» **Exercise objective**: Beginning at the line that contains "1校時は,全校で運動会の練習", output each line exactly through the end of the records, and drop any pictures.

» **Records supplied**:
=====
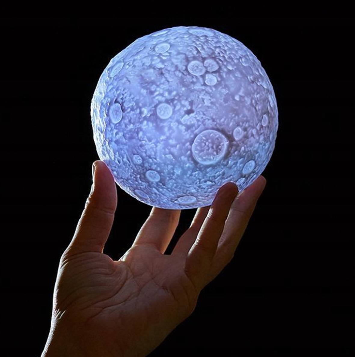 Лампа виготовлена за технологією 3D-друку з нанесенням шарів для створення ефекту місяця. Лампа виготовлена з високоякісного пластику.
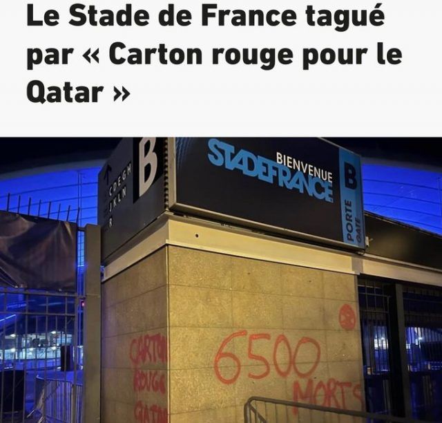 Le Stade de France a été tagué d’un message dénonçant les conditions dans lesquelles se déroulent les travaux au Qatar en vue de la Coupe du monde 2022, avant le match France-Croatie en Ligue des nations
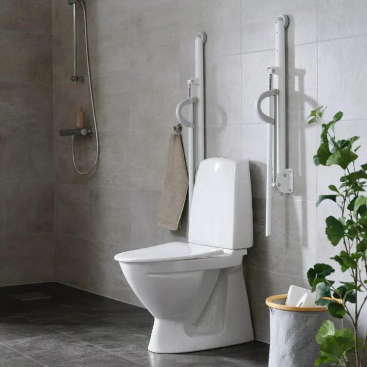 Die Bad Haltegriffe für die Toilette lassen sich platzsparend unten an den Stützen leicht wieder ein- und ausklappen.
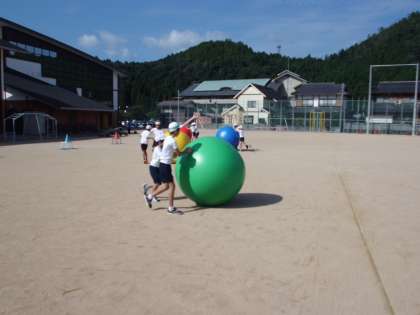 1校時は,全校で運動会の練習です。写真は大玉リレーの練習の様子です。ルールを確認して”よーい ドン!”。「がんばれー!がんばれー!」の声援の中楽しく練習しました。
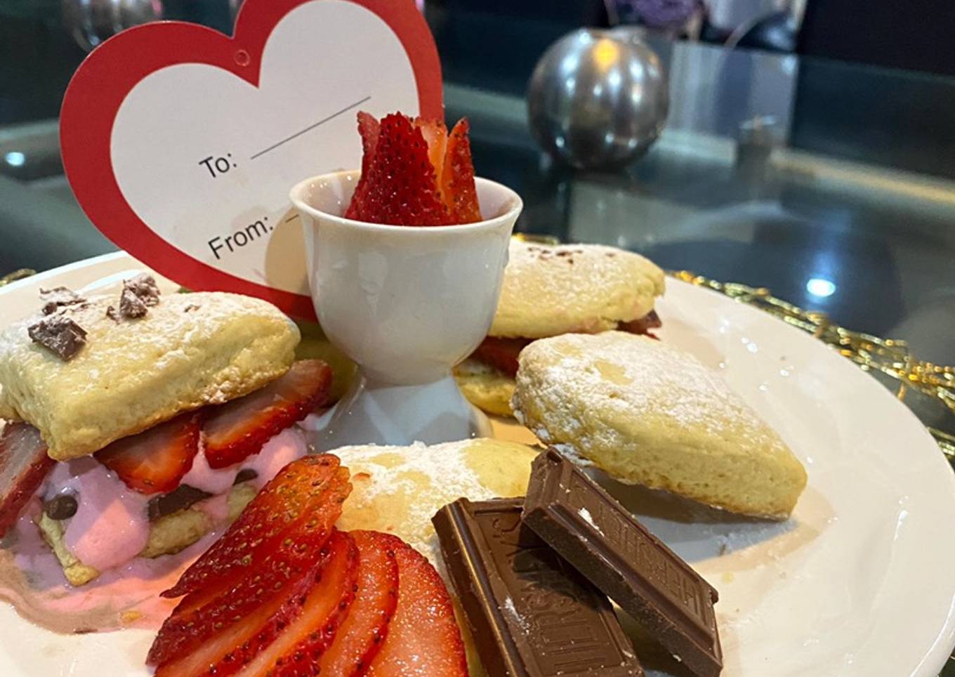 - Ahora para nuestro especial de San Valentín montaremos nuestros scones con fresas y chocolates
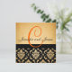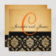 Convite elegante do casamento vintage com monograma e damasco preto. Mais projeta disponível em LuxuryWeddingInvites.com e em WhiteWhimsicalWeddings.blogspot.com. Personalize com seus nomes do monograma e cores do casamento. Adicione toda sua informação do casamento na parte de trás do cartão usando alertas fáceis de usar do menu de Zazzle.
=====
» **Output of the task**:
 1校時は,全校で運動会の練習です。写真は大玉リレーの練習の様子です。ルールを確認して”よーい ドン!”。「がんばれー!がんばれー!」の声援の中楽しく練習しました。
 - Ahora para nuestro especial de San Valentín montaremos nuestros scones con fresas y chocolates
 Convite elegante do casamento vintage com monograma e damasco preto. Mais projeta disponível em LuxuryWeddingInvites.com e em WhiteWhimsicalWeddings.blogspot.com. Personalize com seus nomes do monograma e cores do casamento. Adicione toda sua informação do casamento na parte de trás do cartão usando alertas fáceis de usar do menu de Zazzle.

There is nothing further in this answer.